Rz. 118

Das 15-jährige Kind K wohnt bei seinem Vater M, der das Kindergeld bezieht und der ein bereinigtes Nettoeinkommen von 5.000 EUR hat. Die barunterhaltspflichtige Kindsmutter F hat ein bereinigtes Nettoeinkommen von 2.500 EUR. Sonstige Unterhaltspflichten bestehen nicht (mehr). Unterhaltspflicht der F gegenüber K?

I. Anspruchsgrundlage

 

Rz. 119

F ist K barunterhaltspflichtig, § 1601 BGB.

M erfüllt seine Unterhaltspflicht durch Betreuung des Kindes, § 1606 Abs. 3 S. 2 BGB.

II. Bedarf von K

 

Rz. 120

F hat 2.500 EUR. Es gilt grds. Einkommensgruppe 3 der DT. Aber F ist nur einer Person unterhaltspflichtig. Deshalb erfolgt eine Höherstufung um eine Gruppe in Einkommensgruppe 4 der DT.

Zahlbetrag somit: 503,50 EUR (613 – 109,50 EUR).

Zur Problematik des Bedarfs nach dem zusammengerechneten Einkommen wird auf Fall 1 (siehe Rdn 5) verwiesen.

 

Hinweis

Da nur die Zahlungspflicht des barunterhaltspflichtigen Elternteils hier von Bedeutung ist und dessen Haftung ohnehin auf den Bedarf begrenzt ist (vgl. nur BGH, Beschl. v. 15.2.2017 – XII ZB 201/16 Rn 13), der sich aus seinem Einkommen – und nicht aus dem zusammengerechneten Einkommen beider Elternteile – ergibt, ist es vorliegend und in vielen Fällen gerechtfertigt, den Bedarf nur anhand des Einkommens des Barunterhaltspflichtigen zu ermitteln.[27] Bedeutung erlangt der aus dem zusammengerechneten Einkommen der Eltern ermittelte Barunterhaltsanteil des betreuenden Elternteils – er leistet diesen in Form von Naturalunterhalt –, wenn daneben ein Ehegattenunterhaltsanspruch besteht. Denn diese Unterhaltsverpflichtung reduziert das Einkommen des unterhaltsberechtigten Elternteils (BGH, Beschl. v. 15.2.2017 – XII ZB 201/16 Rn 14), was zu einer Erhöhung des Ehegattenunterhaltsanspruchs führen kann – oder zu einer Reduzierung der Unterhaltspflicht, wenn der betreuende Elternteil Ehegattenunterhalt schuldet.
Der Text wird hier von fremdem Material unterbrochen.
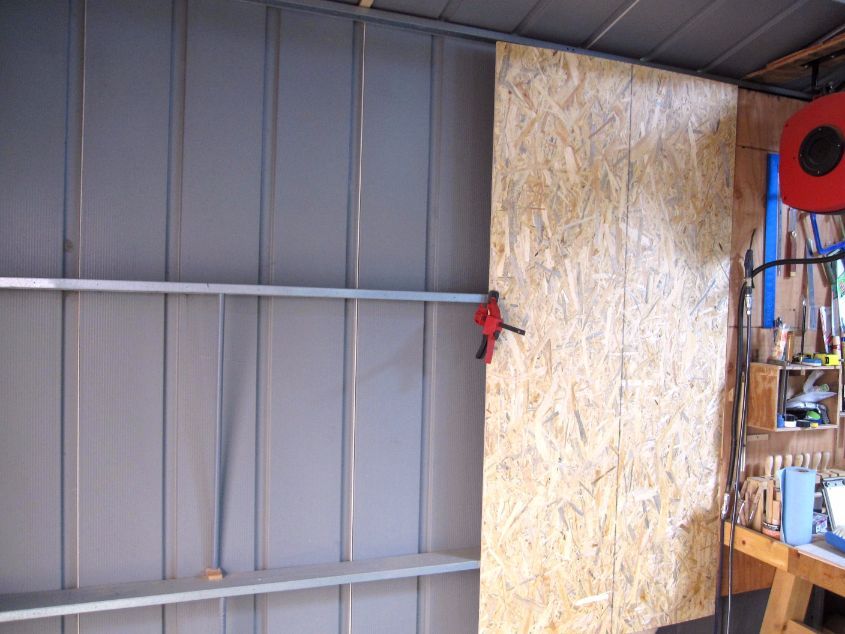 部品棚を撤去したスペースを有効活用するために壁面に板を貼ろうと思います。近くのホームセンターからサブロクのOSBボードを3枚購入し軽トラを借りて運びました。一部カットにはWorx Sawを利用。小型で軽く使いやすいですが気を抜くと直線切りで曲がります。ボードを3枚貼って完了です。・・・木工ワークベンチも手前に移動しようかと思案しています。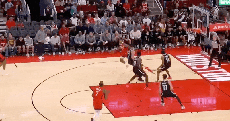 决胜节,由于分差较大,火箭队的防守强度下降,篮网进攻端终于回暖。谢泼德连续两记弧顶三分,分差一度接近三十分。两队换下了主力,让更多的替补和年轻球员上场。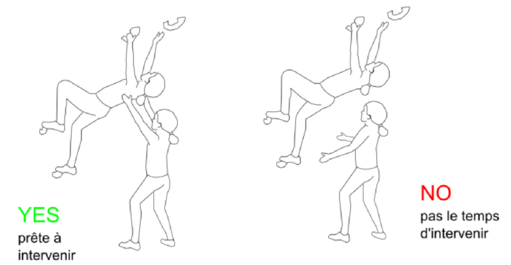 - Maintenir les mains proches du grimpeur

[27] Als "abgekürzte Unterhaltsermittlung" wird dies bezeichnet bei Wendl/Klinkhammer, Unterhaltsrecht, § 2 Rn 206 ff.

III. Leistungsfähigkeit der F

1. Wahrung des notwendigen Selbstbehalts

 

Rz. 121

Der notwendige Selbstbehalt von F (1.160 EUR) bleibt gewahrt. Ihr verbleiben nach Zahlung des Unterhalts 1.996,50 EUR (2.500 – 503,50 EUR).

2. Wahrung des angemessenen Selbstbehalts

 

Rz. 122

Auch der angemessene Selbstbehalt der F (1.400 EUR) ist gewahrt. Eine Surrogatshaftung/Subsidiaritätshaftung des betreuenden M zur Wahrung des angemessenen Selbstbehalts (1.400 EUR) der F ist nicht erforderlich (so aber im Fall 8, Rdn 111 ff.).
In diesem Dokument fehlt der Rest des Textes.